If $v^{\prime }\left(0\right)=0$, there is a trivial solution $v\equiv 0$.

2. 

If $v^{\prime }\left(0\right)=-\sigma$, there is a non-trivial solution in the Maclaurin series form.

The problem has no other continuously differentiable solutions.

Theorem 2 is proven in the same way as Theorem 1.

Remark 3.

Item 2 of Theorem 2, taking into account $v\left(0\right)=0,v^{\prime }\left(0\right)<0$, allows to construct the heat-wave-type solution to Equation (5) as

$$u(t,\rho )=\left\{\begin{array}{cc}0,\hfill & \hfill \rho \le a\left(t\right);\\ {\rho }^2\phi \left(t\right)v\left(ln\left(a\right(t)/\rho )\right),\hfill & \hfill \rho \ge a\left(t\right).\end{array}\right.$$

(27)

Here $v\left(z\right)$ is determined by solving Equation (26) with Cauchy conditions $v\left(0\right)=0$, $v^{\prime }\left(0\right)=-\sigma$, $a\left(t\right)=C_2{e}^{C_{1}t}$ or $a\left(t\right)={(C_{3}t+C_4)}^{\gamma }$, $\phi \left(t\right)=a^{\prime }\left(t\right)/a\left(t\right)$.

5. Qualitative Analysis

Theorem 2 is local and does not allow us to explore global properties of solutions to Equation (26). In order to solve this problem, we perform an analysis of solutions using one of the classical methods of the qualitative theory of differential equations [42]. It helps to study the properties of solution (27) outside a small neighborhood of $(t=0,\rho =0)$.

5.1. Analysis of Singular Points

Let us perform some auxiliary transformations. First, we carry out a linear substitution of the independent variable $\tilde{z}=-\left(3+4/\sigma +\nu \right)z$.

Then, (26) takes the form

$$v{v}^{″}+\frac{1}{\sigma }{\left(v^{\prime }\right)}^2+v{v}^{\prime }+\eta v^2+v^{\prime }+\mu v=0.$$

(28)

Here, $\eta =2(1+2/\sigma +\nu )/{(3+4/\sigma +\nu )}^2>0$, $\tilde{\mu }=\mu /{(3+4/\sigma +\nu )}^2$. Here, and further, we omit the sign $\tilde{}$ to simplify notation.
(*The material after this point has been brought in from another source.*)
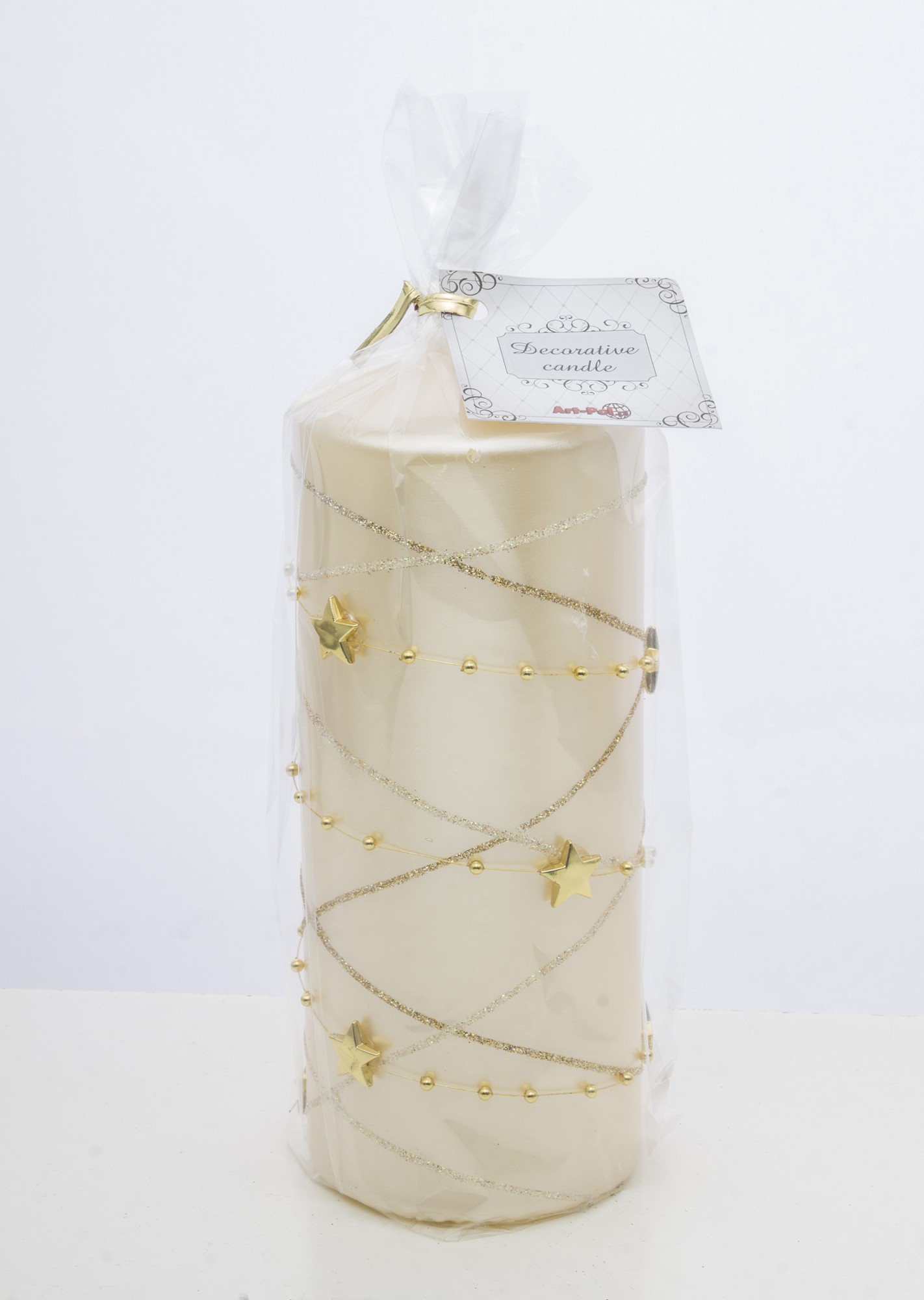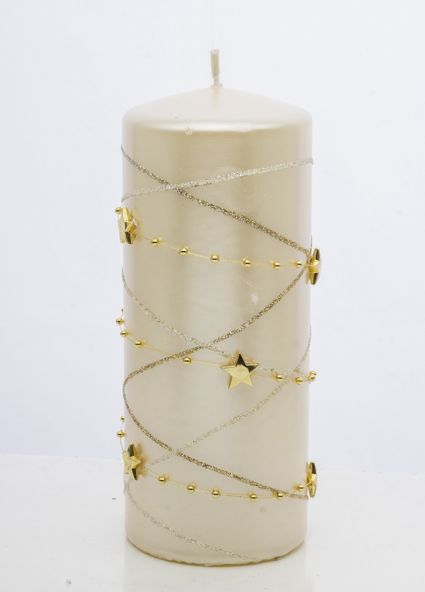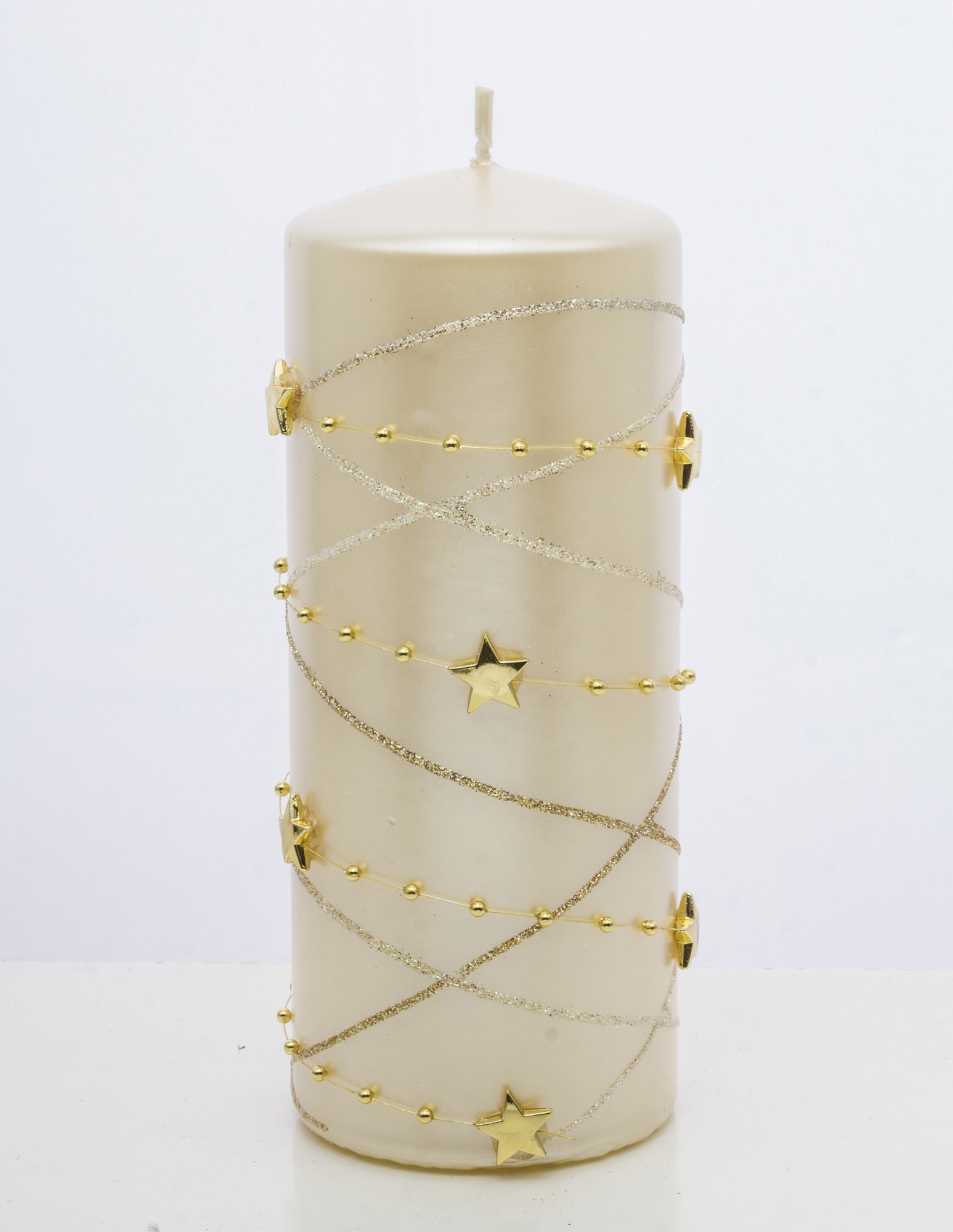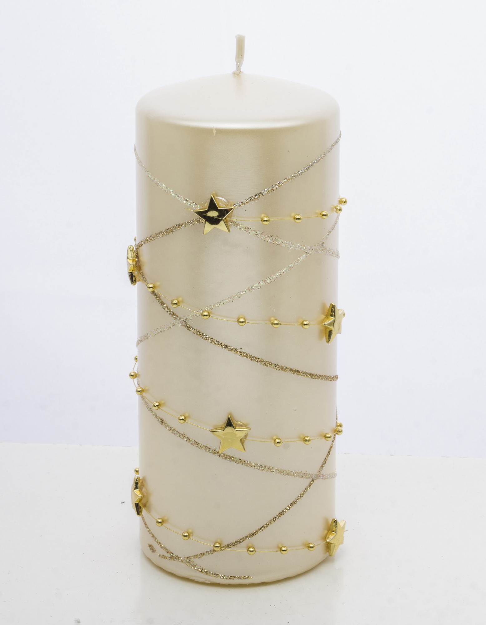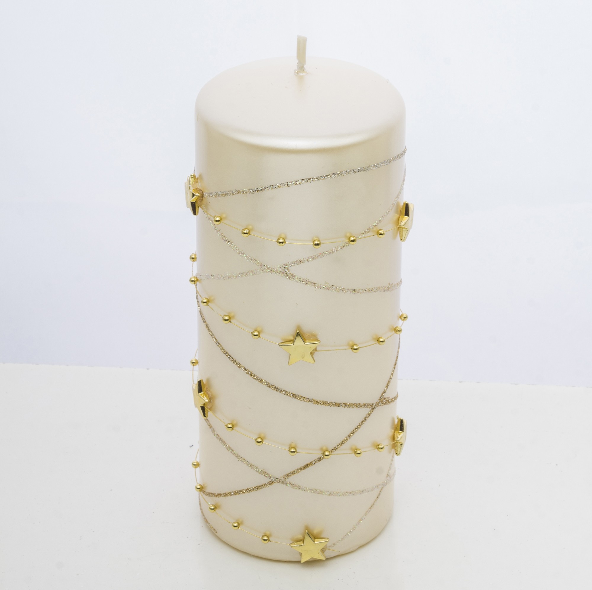 Ozdobná krémová sviečka s hviezdami – Veľká

Second, since (28) is autonomous, we can lower its order by moving to the phase plane. We consider $p=v^{\prime }\left(z\right)$ to be a new unknown function, and v to be an independent variable. Then, (28) becomes

$$pv\frac{dp}{dv}+\frac{p^2}{\sigma }+pv+\eta v^2+p+\mu v=0,$$

(29)

to which the following dynamic system corresponds to

$$\frac{dv}{d\zeta }=vp,\frac{dp}{d\zeta }=-\frac{p^2}{\sigma }-pv-\eta v^2-p-\mu v,$$

(30)

where $dz=vd\zeta$.

Let us now investigate the equilibrium states (singular points) of system (30). There are three such points: $(0,-\sigma )$, $(0,0)$ and $(-\mu /\eta ,0)$. If $\mu =0$, then the second and third points coincide.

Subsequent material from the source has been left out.